#### [Records]
════════════════════

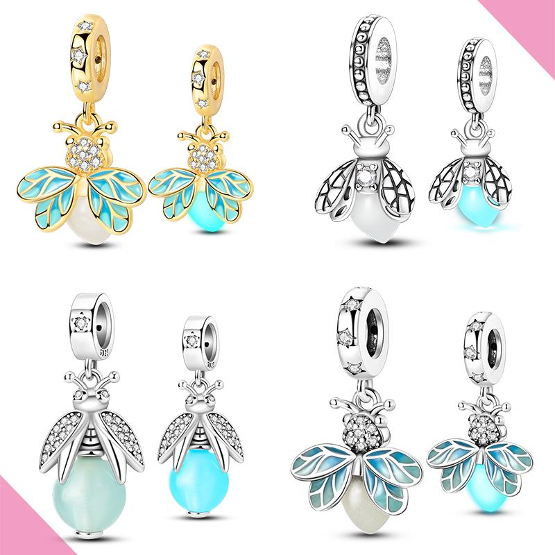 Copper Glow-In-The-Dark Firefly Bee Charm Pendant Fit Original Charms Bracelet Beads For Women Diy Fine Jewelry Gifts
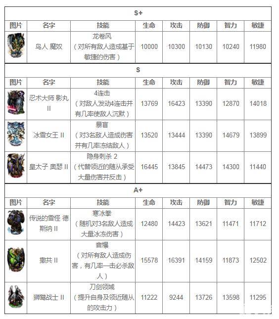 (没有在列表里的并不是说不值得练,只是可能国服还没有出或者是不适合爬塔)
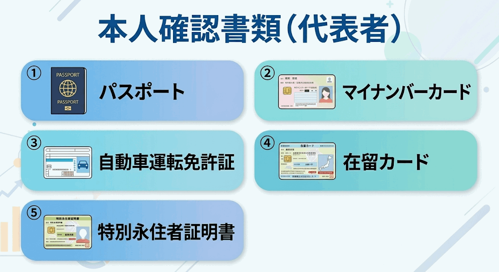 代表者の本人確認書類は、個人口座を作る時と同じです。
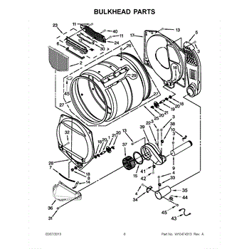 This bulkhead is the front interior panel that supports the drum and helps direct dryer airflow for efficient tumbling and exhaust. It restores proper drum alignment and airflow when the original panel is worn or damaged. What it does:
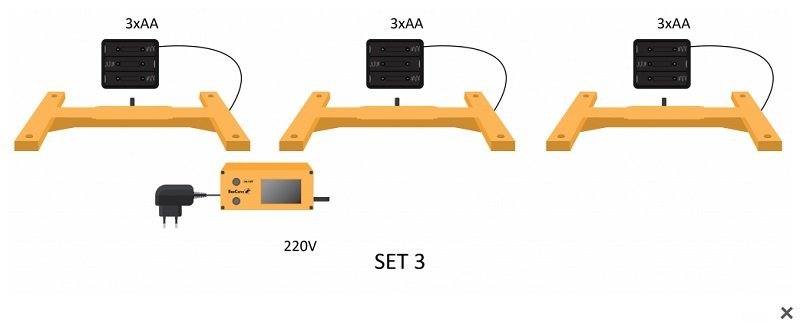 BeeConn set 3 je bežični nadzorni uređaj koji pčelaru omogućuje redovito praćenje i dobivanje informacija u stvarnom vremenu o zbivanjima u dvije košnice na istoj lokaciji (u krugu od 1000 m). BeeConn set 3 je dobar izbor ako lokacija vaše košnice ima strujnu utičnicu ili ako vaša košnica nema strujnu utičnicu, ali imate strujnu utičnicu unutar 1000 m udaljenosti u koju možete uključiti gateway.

════════════════════

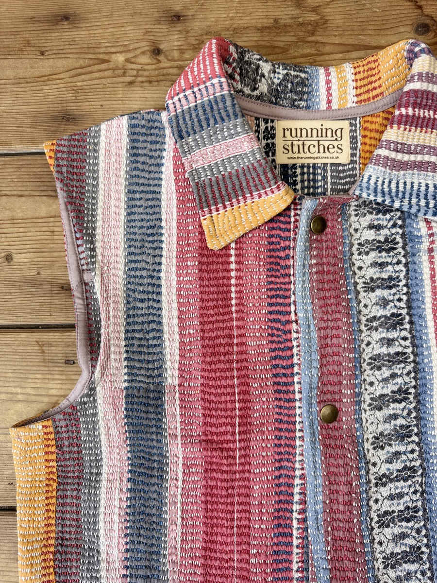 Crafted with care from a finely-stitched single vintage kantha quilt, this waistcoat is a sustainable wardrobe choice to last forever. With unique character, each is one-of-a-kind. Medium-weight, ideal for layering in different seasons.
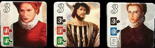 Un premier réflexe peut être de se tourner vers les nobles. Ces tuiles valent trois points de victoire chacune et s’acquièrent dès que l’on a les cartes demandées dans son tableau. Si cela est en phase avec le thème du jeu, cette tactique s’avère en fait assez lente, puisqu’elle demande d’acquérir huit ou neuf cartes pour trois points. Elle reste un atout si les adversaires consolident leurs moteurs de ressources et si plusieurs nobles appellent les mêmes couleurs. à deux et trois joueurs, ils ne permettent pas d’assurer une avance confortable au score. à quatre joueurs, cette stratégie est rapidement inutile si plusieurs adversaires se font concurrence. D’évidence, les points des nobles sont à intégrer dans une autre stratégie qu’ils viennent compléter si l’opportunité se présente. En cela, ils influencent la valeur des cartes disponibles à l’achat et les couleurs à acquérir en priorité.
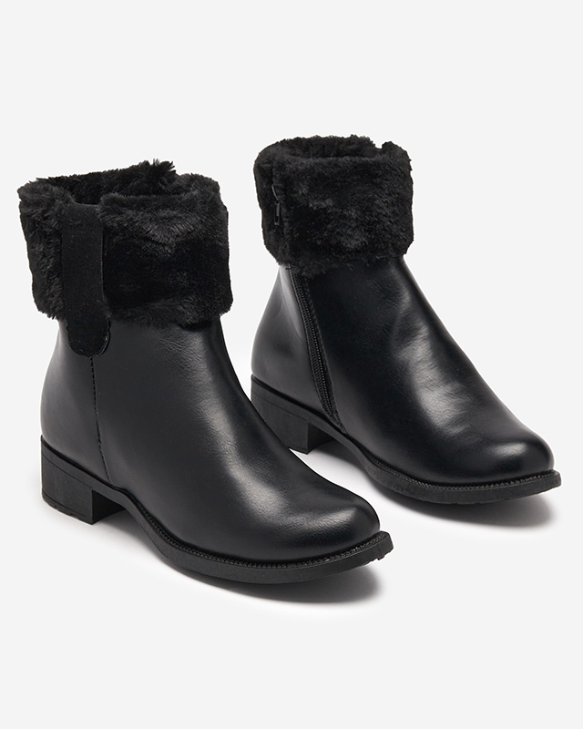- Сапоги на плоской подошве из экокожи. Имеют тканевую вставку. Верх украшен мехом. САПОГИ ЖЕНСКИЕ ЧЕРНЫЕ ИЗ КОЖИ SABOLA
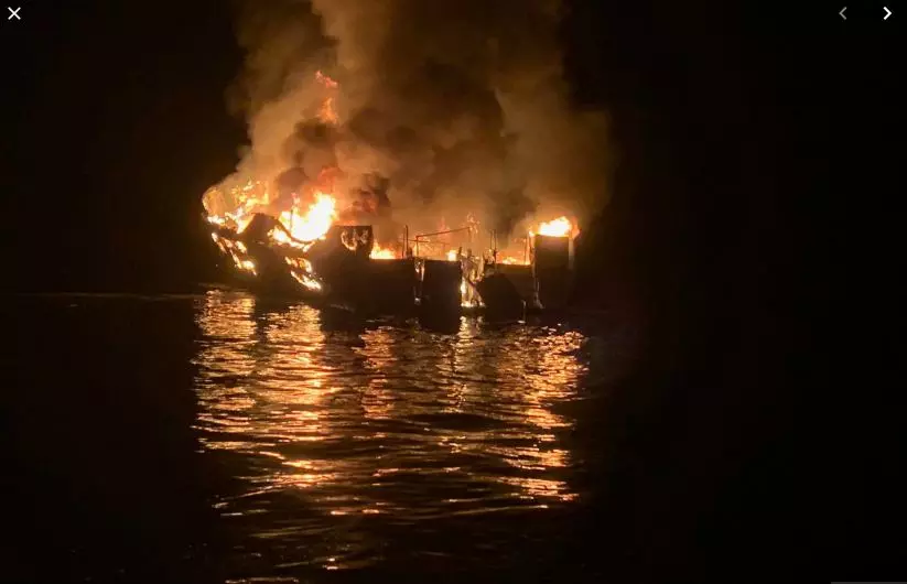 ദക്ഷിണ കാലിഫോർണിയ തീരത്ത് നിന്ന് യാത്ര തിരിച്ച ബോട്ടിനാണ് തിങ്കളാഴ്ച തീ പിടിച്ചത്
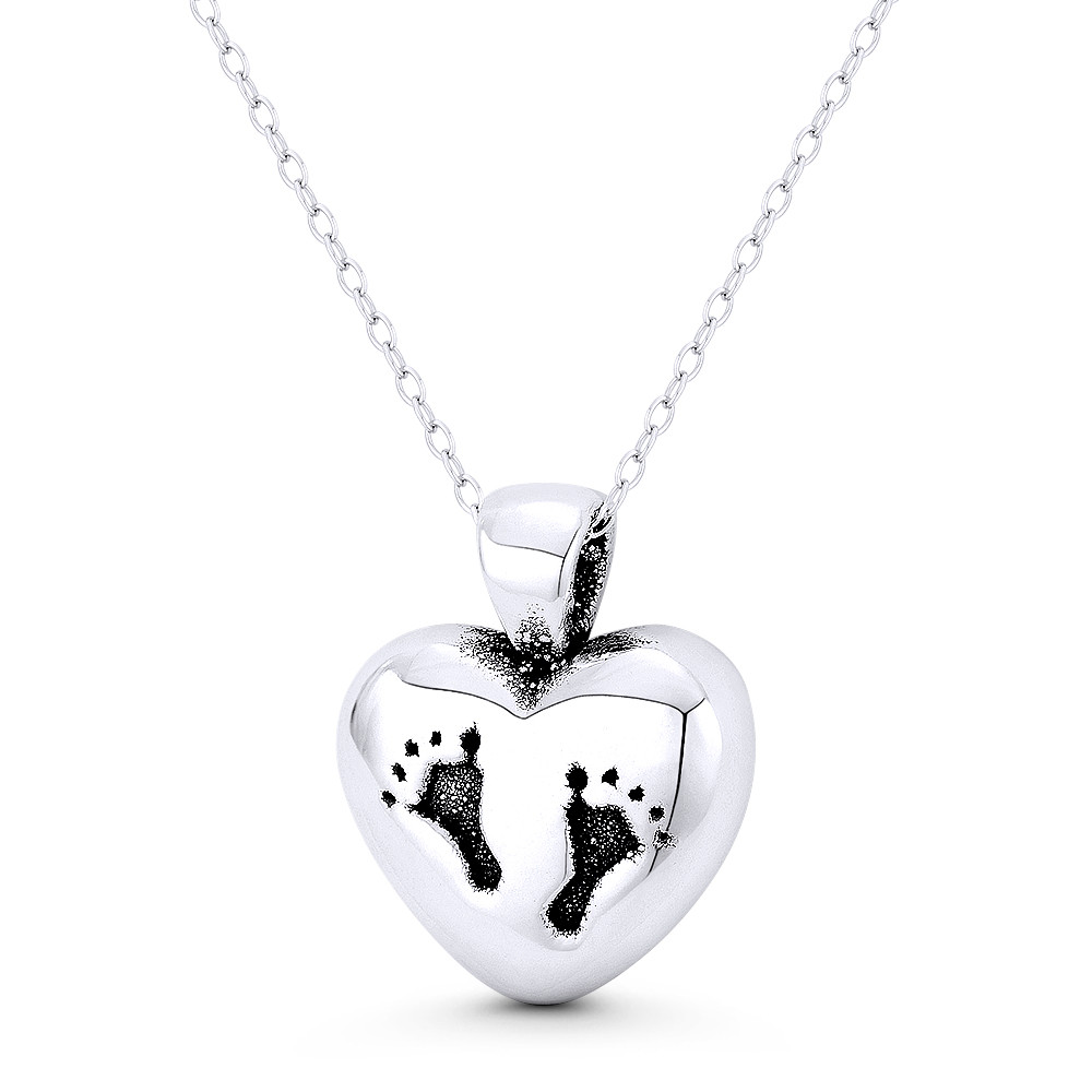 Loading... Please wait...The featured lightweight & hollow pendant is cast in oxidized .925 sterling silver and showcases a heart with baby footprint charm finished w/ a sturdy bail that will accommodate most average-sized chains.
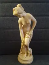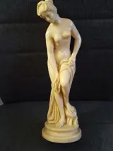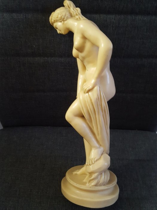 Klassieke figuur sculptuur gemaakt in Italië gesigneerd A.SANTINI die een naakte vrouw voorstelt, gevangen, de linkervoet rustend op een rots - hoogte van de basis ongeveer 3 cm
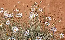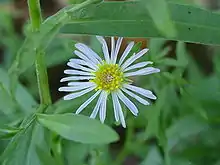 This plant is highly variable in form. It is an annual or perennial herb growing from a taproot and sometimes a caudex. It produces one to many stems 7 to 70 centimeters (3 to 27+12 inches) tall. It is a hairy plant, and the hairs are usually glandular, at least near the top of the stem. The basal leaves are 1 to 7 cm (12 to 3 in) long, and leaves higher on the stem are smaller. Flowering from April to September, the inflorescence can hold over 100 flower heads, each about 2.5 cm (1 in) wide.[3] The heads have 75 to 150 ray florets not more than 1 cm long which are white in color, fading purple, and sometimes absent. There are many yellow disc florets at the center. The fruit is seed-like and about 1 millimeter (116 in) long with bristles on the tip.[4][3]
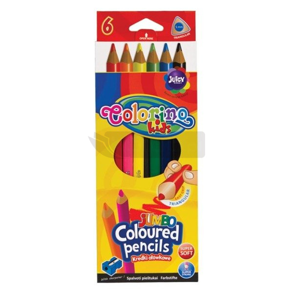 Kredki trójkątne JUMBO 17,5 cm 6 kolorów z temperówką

════════════════════

#### [Instructions for the task]
An exact copy is needed of the stretch above that opens with the line containing "Un premier réflexe" and closes with the line containing "ദക്ഷിണ കാലിഫോർണിയ തീരത്ത്"; the pictures are not part of it.

#### [Final answer]
 Un premier réflexe peut être de se tourner vers les nobles. Ces tuiles valent trois points de victoire chacune et s’acquièrent dès que l’on a les cartes demandées dans son tableau. Si cela est en phase avec le thème du jeu, cette tactique s’avère en fait assez lente, puisqu’elle demande d’acquérir huit ou neuf cartes pour trois points. Elle reste un atout si les adversaires consolident leurs moteurs de ressources et si plusieurs nobles appellent les mêmes couleurs. à deux et trois joueurs, ils ne permettent pas d’assurer une avance confortable au score. à quatre joueurs, cette stratégie est rapidement inutile si plusieurs adversaires se font concurrence. D’évidence, les points des nobles sont à intégrer dans une autre stratégie qu’ils viennent compléter si l’opportunité se présente. En cela, ils influencent la valeur des cartes disponibles à l’achat et les couleurs à acquérir en priorité.
- Сапоги на плоской подошве из экокожи. Имеют тканевую вставку. Верх украшен мехом. САПОГИ ЖЕНСКИЕ ЧЕРНЫЕ ИЗ КОЖИ SABOLA
 ദക്ഷിണ കാലിഫോർണിയ തീരത്ത് നിന്ന് യാത്ര തിരിച്ച ബോട്ടിനാണ് തിങ്കളാഴ്ച തീ പിടിച്ചത്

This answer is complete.